Re: Wrong language identification from Michael[tm] Smith on 2020-08-29 (www-validator@w3.org from August 2020)

From: Michael[tm] Smith <mike@w3.org>
Date: Sun, 30 Aug 2020 08:40:22 +0900
To: "Jukka K. Korpela" <jukkakk@gmail.com>, Comintt Comtt <comintt@mail.com>, W3C WWW Validator <www-validator@w3.org>
Message-ID: <20200829234022.GV1230201@sideshowbarker.net>

"Michael[tm] Smith" <mike@w3.org>, 2020-08-30 08:24 +0900:
> Archived-At: <https://www.w3.org/mid/20200829232454.GU1230201@sideshowbarker.net>
> 
> Unfortunately, along with the fact that the language guesser sometimes
> guesses wrong, it’s also not deterministic — that is, one time when you
> check, it might not guess wrong, but another time it will.

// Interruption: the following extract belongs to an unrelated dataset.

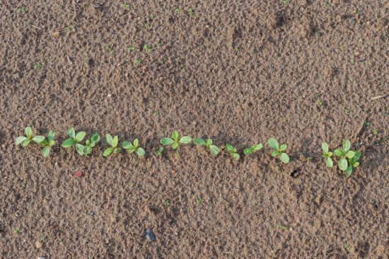 | Hi Martha and ZM, It looks like the winter sowing may give you flowers sooner...Martha, you look like you have incredibly rich soil there! The zinnias should appreciate that! By the way, on my computer, the pictures that you posted lately aren't right side up, but on my iPad, they are! ZM, your tunnel-raised zinnias are looking great! Besides getting flowers earlier, you can also have the luxury of planting when you want, earlier on. Sometimes in the spring when it is warm enough to plant, there may be too much rain to do it, and you have to wait for a dryer time. My seedlings (ones planted earliest) look like this now: I put down the seeds, then cover lightly with potting soil to make sure any hardpan doesn't make it difficult for plants to emerge. I am going to have to mulch between the rows before the weeds take off...will probably use leftover hay. JG |

I should have explained the reason for that, which is detailed here:

https://code.google.com/archive/p/language-detection/wikis/FrequentlyAskedQuestion.wiki

> Langdetect uses random sampling for avoiding local noises(person name,
> place name and so on), so the language detections of the same document
> might differ for every time.

In other words, in terms of the HTML checker behavior, each time you check
a document, the language guesser is being run on only a sample of the
document, rather then the entire content of the document. And the sample is
selected randomly each time. So sometimes it gets run on a sample that it
guesses correctly on, but sometimes it might be run on a sample which it
ends up guessing incorrectly.

There is a setting in the library API for making it deterministic — by
ensuring it always samples the same document in exactly the same way each
time, rather than selecting the sample randomly — but I have intentionally
chosen to not use that always-be-deterministic setting (because I think the
the default random-sampling behavior produces better results overall).

  –Mike

-- 
Michael[tm] Smith https://people.w3.org/mike

Received on Saturday, 29 August 2020 23:40:37 UTC